__Problem details__:
Write out again, exactly, the lines below starting at the one with "気になるツアーがあれば「考え" and ending at the one with "David et Goliath, [Vers".
____ Material provided
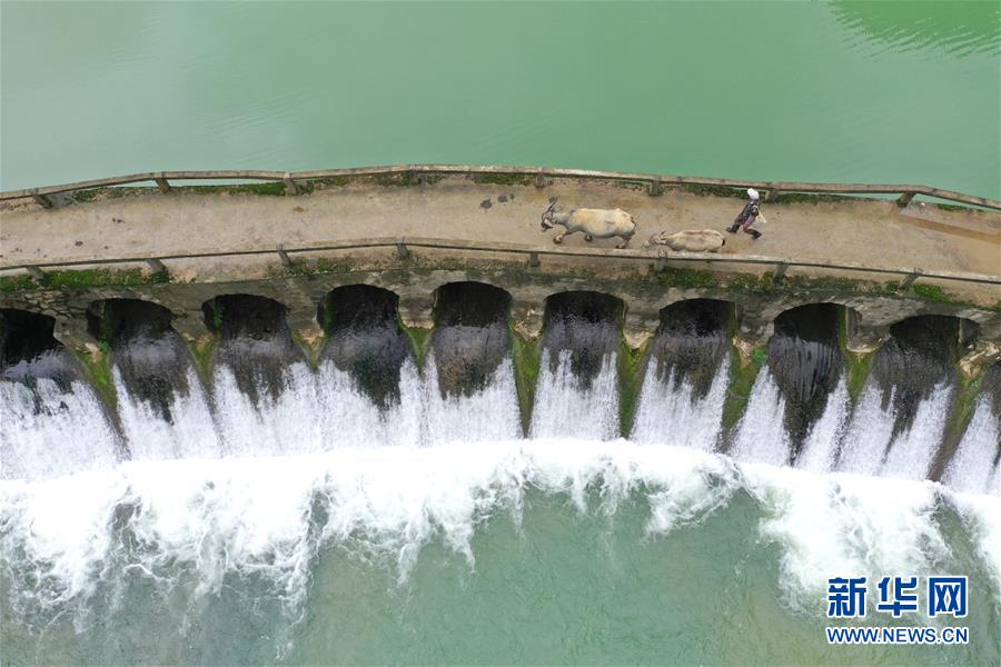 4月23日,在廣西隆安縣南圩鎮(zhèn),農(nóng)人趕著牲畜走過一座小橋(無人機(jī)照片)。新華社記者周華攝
________
____ Material provided
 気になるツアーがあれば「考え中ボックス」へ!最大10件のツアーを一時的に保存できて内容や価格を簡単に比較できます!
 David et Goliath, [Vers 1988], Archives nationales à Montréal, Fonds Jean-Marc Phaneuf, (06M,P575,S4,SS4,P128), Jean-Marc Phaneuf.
________
__Answer to the exercise__:
 気になるツアーがあれば「考え中ボックス」へ!最大10件のツアーを一時的に保存できて内容や価格を簡単に比較できます!
 David et Goliath, [Vers 1988], Archives nationales à Montréal, Fonds Jean-Marc Phaneuf, (06M,P575,S4,SS4,P128), Jean-Marc Phaneuf.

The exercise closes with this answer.